I use hand tools, no jig.

On what's possibly a half-baked theory, I like the male end pointed up - something about if the glue line fails at the surface, water will still roll off. And I prefer a 12:1 bevel, though I helped a friend put in an 8:1 for a new spot near the spreaders of his main mast and it seems to work fine.

I've made the male end in two different ways. One uses a sort of follow it by eye guide of two hinged V's apexes tacked diametrically opposed at the top of the male end and ends held in place by a couple of vertical bits tacked to the outside of the opposing legs. I like a japanese pull saw for ripping as it starts the oblique cut easily and I can follow the upper and lower legs by eye.

I've also started with graduated cuts across the grain, careful to keep the sets parallel to each other, and then knocking the excess off with a slick.

Once some wood is removed, I plane it carefully to exact fit. It helps to make what I call a parallel guage for this - simply a cross member a bit longer than mast diameter and two bits normal to it. Rather like a squared up U. Even though as you get more to the pointy end one leg must rest well down the bevel than the other, and you have to tick it back and forth, it gives a fast easy way to measure that you're planing the two surfaces in sync.

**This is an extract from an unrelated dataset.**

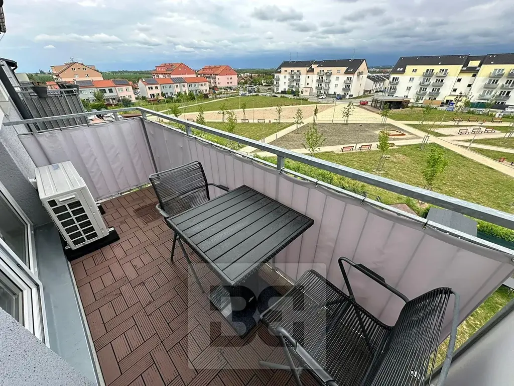 Byt disponuje balkónem o ploše 4 m2, vč. 2 židlí a stolu, s výhledem na park a sklepem o velikosti 2 m2 s policemi.

Once the male end in made and just right, it can be used to mark the female end. It is most handy to cut out the female end before you fully round the spar - better yet before you even eight-side it, as you are then cutting a V into a nice square chunk. Even so, it's likely too large and the stick too big to do in a band saw and no circular blade will get to the inside apex. So again, the japanese pull saw.

Small aside - I imagine you know how to make an eight-siding gauge with either 5-7-5 or 7-10-7 porportions but in case not, you could use the paralleling guide or something similar with shorter legs. The distance between the two legs is divided into either 17 or 24 segments. I make these for the job. If the spar's greatest diameter is let us say 10" I's space the legs 10-5/8" (17 5/8" units) apart allowing for convenient scribe points (chisel finished nail end) to be placed 3-1/8" from each leg and leaving the spacing (5)(5/8) - (7)(/5/8) -(5)(5/8). The porportions remain constant even though the gauge the gauge is slanted across the work and the gauge will accomodate any taper you want to put in. Whatever's convenient.

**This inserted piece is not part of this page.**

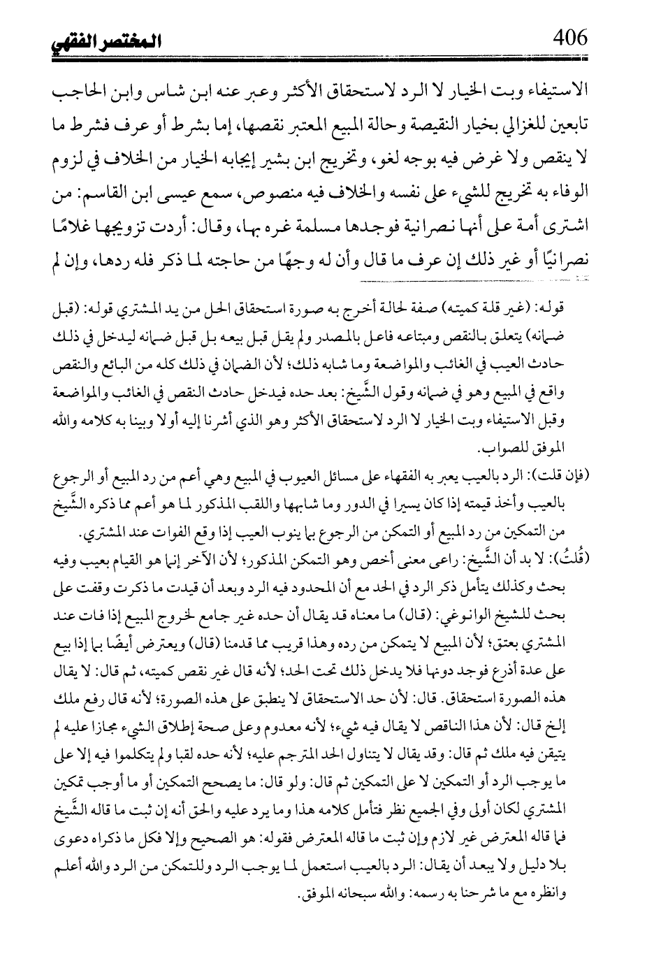 قُلتُ: وكذا نقل محمد عن ابن القاسم بعض شُيوخ عبد الحق لو اشتراها غائبة على الصفة فوجدها زلاء فله ردها لكلام ابن حبيب.

Most of the trim inside the V will be done with a set of rasps and files. I use carbon paper, blue side facing the female surfaces, and gently tap it against the male side to mark the parts that need to come down.

Before gluing I plane off a bit of the feather end of the male part of the V, leaving a roughly 1/8" flat. This gives a nice guide hole to bore for what looks like a stopwater, which is structurally pointless here. It really gives the space needed for just the right fit.

Not counting making the blank for the new part of the spar, this process takes me about 6 hours, perhaps a little less.